DS is 5. Has his moments at home but always complemented at school as industrious, well behaved, good listener. He's doing well and learning a lot for which I'm grateful to his teacher, year 1.

But. He's a sensitive soul and gets upset with shouting. His reception teacher was utterly lovely and encouraging and gave him so much confidence. This year he keeps mentioning that his teacher shouts at them all a lot. At him occasionally. Clearly I only have his version of events. Other parents have mentioned she's known for being strict (firm but fair) and their children comment on the shouting too so not just DS.

He had a tick that occurred last year during an anxious period and its returning. He woke last night with a nightmare based around the teacher. I'm concerned and think I have to say something at parents evening next week.

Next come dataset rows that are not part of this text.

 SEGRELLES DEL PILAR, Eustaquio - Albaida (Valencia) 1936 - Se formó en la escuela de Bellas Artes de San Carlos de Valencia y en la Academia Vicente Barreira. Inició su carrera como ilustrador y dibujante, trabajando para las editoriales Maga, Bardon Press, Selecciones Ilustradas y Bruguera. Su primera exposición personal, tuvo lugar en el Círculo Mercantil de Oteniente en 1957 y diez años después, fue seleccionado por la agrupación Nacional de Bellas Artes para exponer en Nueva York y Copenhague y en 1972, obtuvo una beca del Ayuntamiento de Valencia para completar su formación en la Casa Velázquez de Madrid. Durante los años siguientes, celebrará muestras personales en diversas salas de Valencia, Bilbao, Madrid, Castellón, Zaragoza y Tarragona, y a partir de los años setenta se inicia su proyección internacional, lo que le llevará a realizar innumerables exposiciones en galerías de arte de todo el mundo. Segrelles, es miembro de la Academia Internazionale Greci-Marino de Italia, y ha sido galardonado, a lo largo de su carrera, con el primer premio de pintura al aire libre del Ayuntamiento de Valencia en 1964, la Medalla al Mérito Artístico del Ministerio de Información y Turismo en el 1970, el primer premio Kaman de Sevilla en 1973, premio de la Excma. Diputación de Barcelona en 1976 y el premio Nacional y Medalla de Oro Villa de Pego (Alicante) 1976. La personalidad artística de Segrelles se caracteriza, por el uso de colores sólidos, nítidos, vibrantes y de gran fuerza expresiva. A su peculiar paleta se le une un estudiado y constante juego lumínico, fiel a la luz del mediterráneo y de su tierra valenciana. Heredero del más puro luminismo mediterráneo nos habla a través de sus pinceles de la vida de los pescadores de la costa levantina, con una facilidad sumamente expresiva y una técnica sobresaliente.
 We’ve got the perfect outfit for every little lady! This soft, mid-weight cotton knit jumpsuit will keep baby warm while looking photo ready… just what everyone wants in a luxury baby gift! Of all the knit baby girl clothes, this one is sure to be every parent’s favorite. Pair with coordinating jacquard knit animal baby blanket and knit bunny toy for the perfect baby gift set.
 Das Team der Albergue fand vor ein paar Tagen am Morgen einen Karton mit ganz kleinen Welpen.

I completely appreciate how hard teachers work and how hard it must be to keep 15 5-6 year olds in check (private so small numbers). She seems helpful and friendly at pick up but we only see her occasionally. Any ideas how I can raise this diplomatically because however I run it in my head it still comes out as "please can you stop shouting". sad

uhoh1973 Wed 18-Nov-15 15:55:03

Say he's enjoying school however he has become anxious about being shouted at? It may be that there are other children in the class that are ahem 'boisterous' and they are elevating the teacher's blood pressure?
Tell her he has had a nightmare about school and he's easily traumatised by shouting? Without directly accusing her of shouting?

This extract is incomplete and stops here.